Она унизила меня на глазах у всех — сначала этим костюмом, а потом тем, что выставила меня слабым, хрупким, жалким.
Эта аллергия — самое постыдное, что есть во мне. Из-за нее я чувствую себя маленьким ребенком в очках с бутылкой колы и с сопливым носом. Я ненавижу, что это так иррационально. Ненавижу, что не могу ее контролировать. Ненавижу, что у меня такая нелепая уязвимость.
Я не знаю, как она об этом узнала, но тот факт, что она догадалась и использовала это против меня, приводит меня в полную ярость.
Поэтому я затащил ее под воду, чтобы дать ей попробовать ее собственное лекарство. Посмотреть, как ей понравится цепляться за поверхность и задыхаться, беспомощно сопротивляясь потребности дышать.
Мне стало легче. На минуту.
Но это также заставило меня почувствовать кое-что еще.
Ее тело, извивающееся и бьющееся об меня.
Это не должно было выглядеть сексуально. И все же, мое сердце колотится не только поэтому...
— Кэл, — зовет мой отец, когда я прохожу через дверной проем кухни.
— Что? — я заглядываю на кухню и вижу, что он сидит за стойкой и ест одно из блюд, которые повар хранит в холодильнике.
— Где Аида? — спрашивает он.
— У бассейна, — говорю я ему, скрещивая руки на голой груди. Я не потрудился захватить полотенце, поэтому вода капает на кафель.
— Ты должен пригласить ее куда-нибудь сегодня вечером. Поужинать. Может быть, на спектакль.
— С какой целью?
— Из-за твоего... несчастного случая... вчера ты не воспользовался номером для новобрачных.
— Я знаю об этом, — говорю я ему, стараясь, чтобы в моем голосе не было сарказма.
— Тебе нужно закрепить сделку, так сказать. Ты знаешь, что брак не является окончательным, пока он не заключен.
— Так ты хочешь, чтобы я трахнул ее сегодня вечером, ты это имеешь в виду?
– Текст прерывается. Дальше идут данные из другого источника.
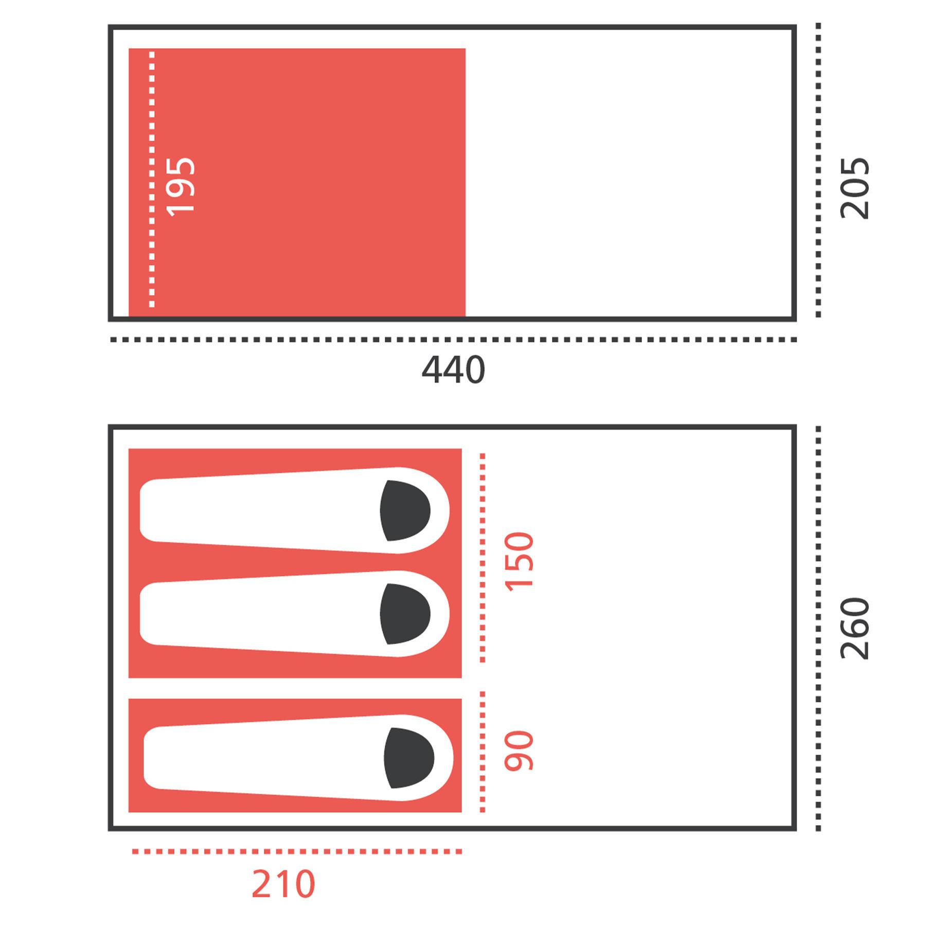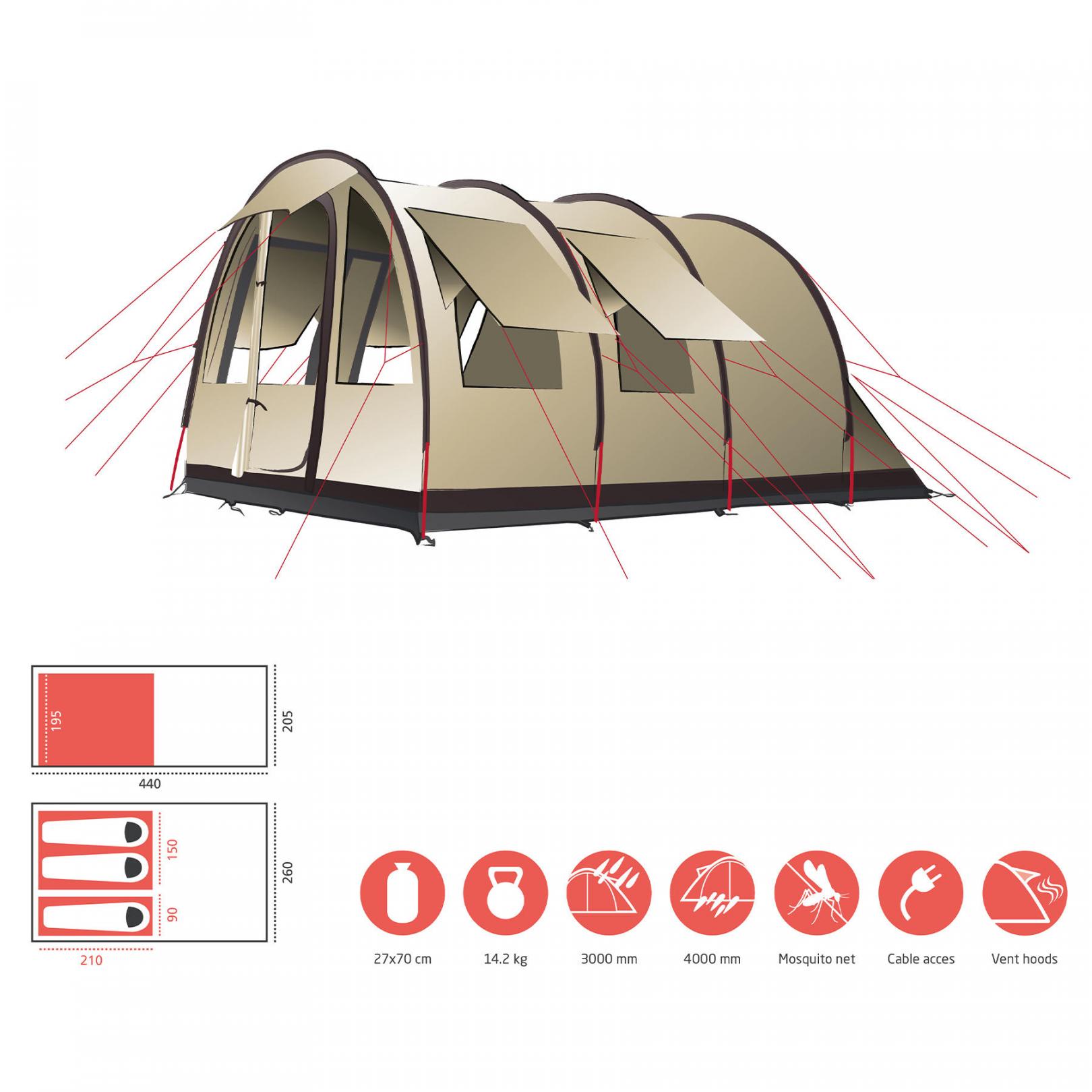 - Зовнішній намет (Д х Ш х В): 440 х 260 х 205 см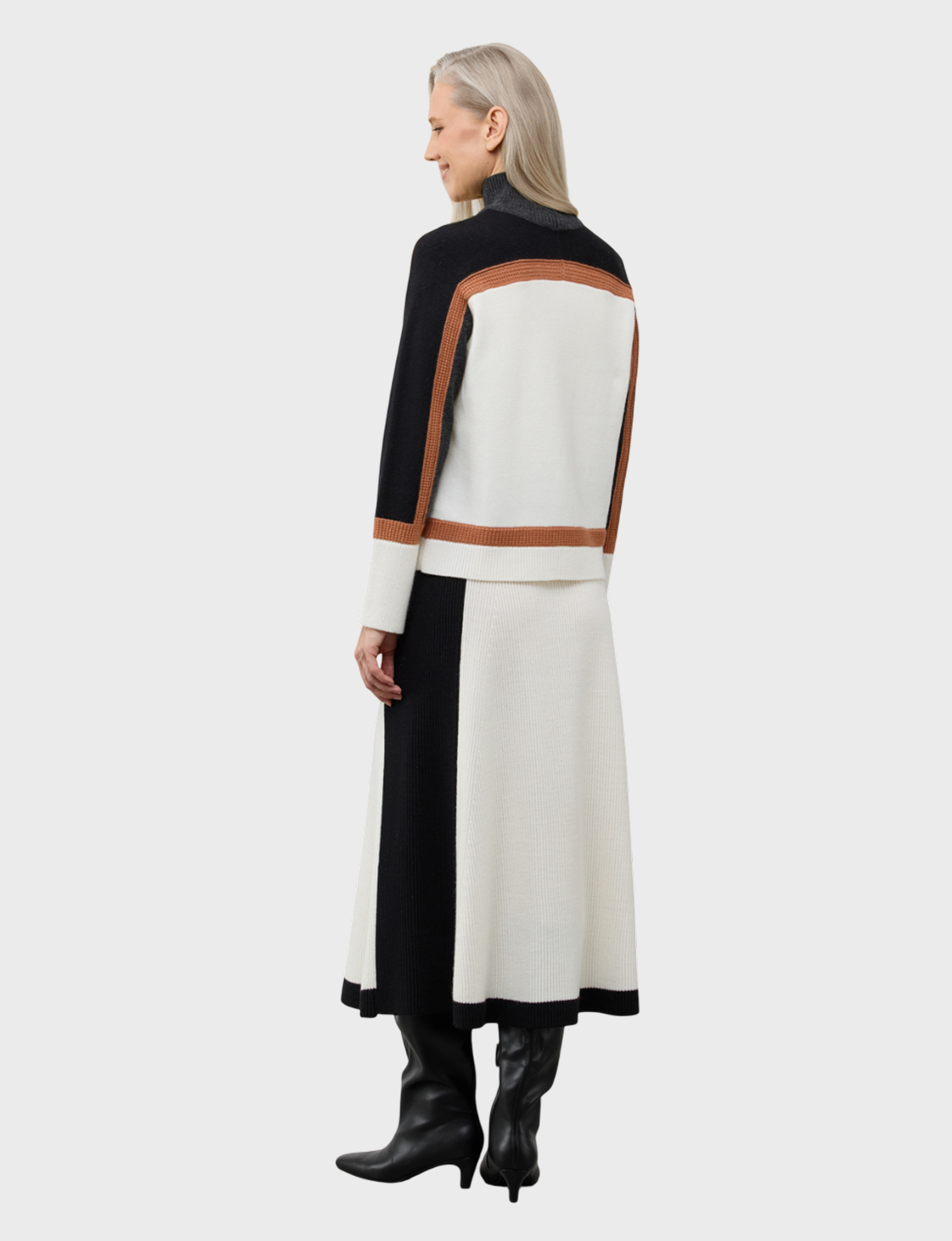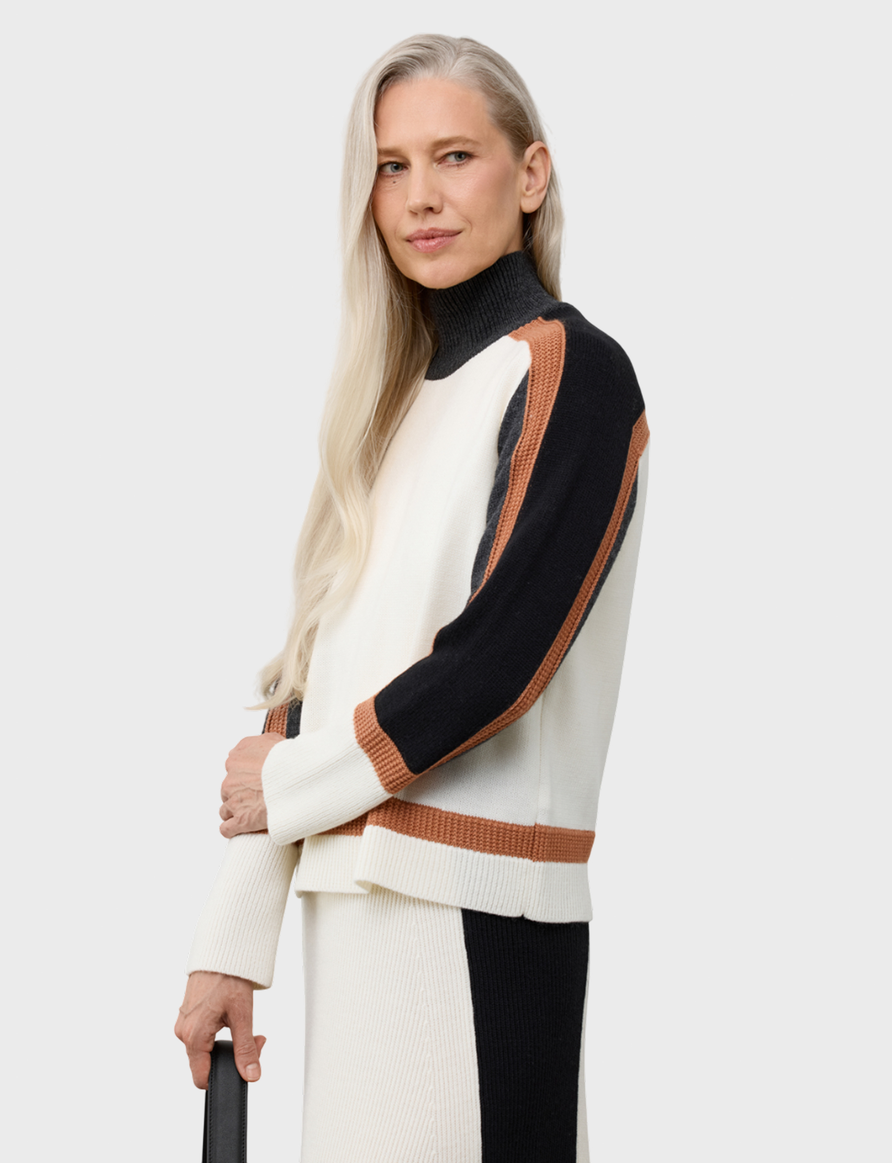 Мягкий вязаный джемпер из премиальной пряжи, созданный с использованием инновационной технологии смешанного волокна. Деликатное сочетание шерсти и акрила обеспечивает непревзойденный комфорт: изделие нежно облегает фигуру, гарантирует мягкость прикосновения и сохраняет безупречную форму даже после длительной носки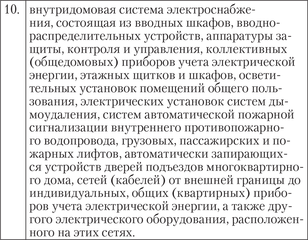 • внутридомовая система электроснабжения, состоящая из вводных шкафов, вводно-распределительных устройств, аппаратуры защиты, контроля и управления, коллективных (общедомовых) приборов учета электрической энергии, этажных щитков и шкафов, осветительных установок помещений общего пользования, электрических установок систем дымоудаления, систем автоматической пожарной сигнализации внутреннего противопожарного водопровода, грузовых, пассажирских и пожарных лифтов, автоматически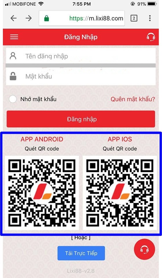 Trước tiên, bạn cần đăng nhập vào lixi88, hệ thống sẽ hiển thị với 2 mã Quét QR code cho APP ANDROID và APP IOS. Bạn hãy thao tác theo thứ tự như hình ảnh bên dưới: Chọn Tải trực tiếp sau đó hãy Click để tải về.
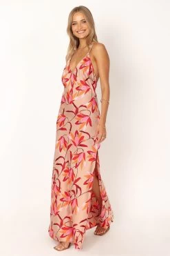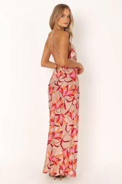 | DETAILS Introducing the perfect event dress: our Maxi Length V Neck Dress in a Floral Print Design. Cut from luxurious soft satin fabric, this piece features thin adjustable straps, a cross back design, belt loops, a detachable waist tie and side splits for added movement.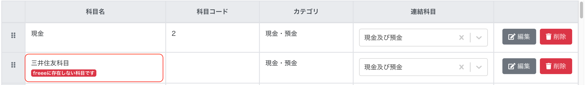 - freee会計の場合は対応する「連結科目」のみ編集可能

Он откладывает вилку и смотрит на меня холодным взглядом.
— Не нужно грубить.
— Давай назовем лопату лопатой. Ты хочешь, чтобы я трахнул эту девушку, несмотря на то, что мы ненавидим друг друга, несмотря на то, что вчера она пыталась меня убить, потому что ты не хочешь, чтобы твой драгоценный альянс рухнул.
— Именно, — говорит он, снова беря вилку и выковыривая виноградину из салата Уолдорф. — И не забудь, это не мой союз. Он выгоден тебе больше, чем кому бы то ни было.
— Верно, — говорю я с горечью. — До сих пор мне это доставляло истинное удовольствие.
Я поднимаюсь наверх, снимаю плавки и включаю душ настолько горячий, насколько могу выдержать. Я довольно долго намыливаюсь, мою волосы, позволяя воде стекать мне на плечи.
Я знаю, что должен «сделать Аиду своей женой» во всех смыслах этого слова, но я сомневаюсь, что она будет в настроении для этого после того, как я почти утопил ее. Я никогда не был сторонником больших романтических жестов, но даже при самом либеральном толковании, я не думаю, что водный абордаж считается прелюдией.
На самом деле, я сомневаюсь, что она согласится пойти со мной на ужин. Что меня вполне устраивает. Она, вероятно, ест руками. Она только опозорит меня, если я поведу ее в какое-нибудь хорошее место.
Даже когда я слышу, как Аида входит в комнату, я остаюсь на месте, наслаждаясь горячим душем. Она может стоять там и дрожать от холода, мне все равно.
Я слышу, как она двигается, но не вижу, что она делает, потому что нахожусь здесь так долго, что стеклянное ограждение душа запотело от пара.
Поэтому я удивляюсь, когда Аида проталкивается внутрь, совершенно голая.
— Эй! — говорю я. — Какого хрена ты делаешь?
— Принимаю душ, очевидно, — говорит она. — Какой-то мудак затащил меня в бассейн.
— Здесь уже занято.
— Правда? — говорит она и смотрит на меня ничем не выражающим взглядом. — Спасибо, что проинформировал меня. Это тот вид острой наблюдательности и секретной информации, который наверняка обеспечит тебе место Олдермена.
— Сарказм — это низшая форма юмора, — говорю я ей самым невыносимым тоном моего отца.
— Брать у тебя уроки юмора — все равно что спросить у собаки, как удалить аппендицит, — отвечает она.
Она протискивается мимо меня, чтобы взять шампунь.
Ее оголенная рука касается моего живота, и я остро осознаю, что до сих пор мы не видели друг друга обнаженными.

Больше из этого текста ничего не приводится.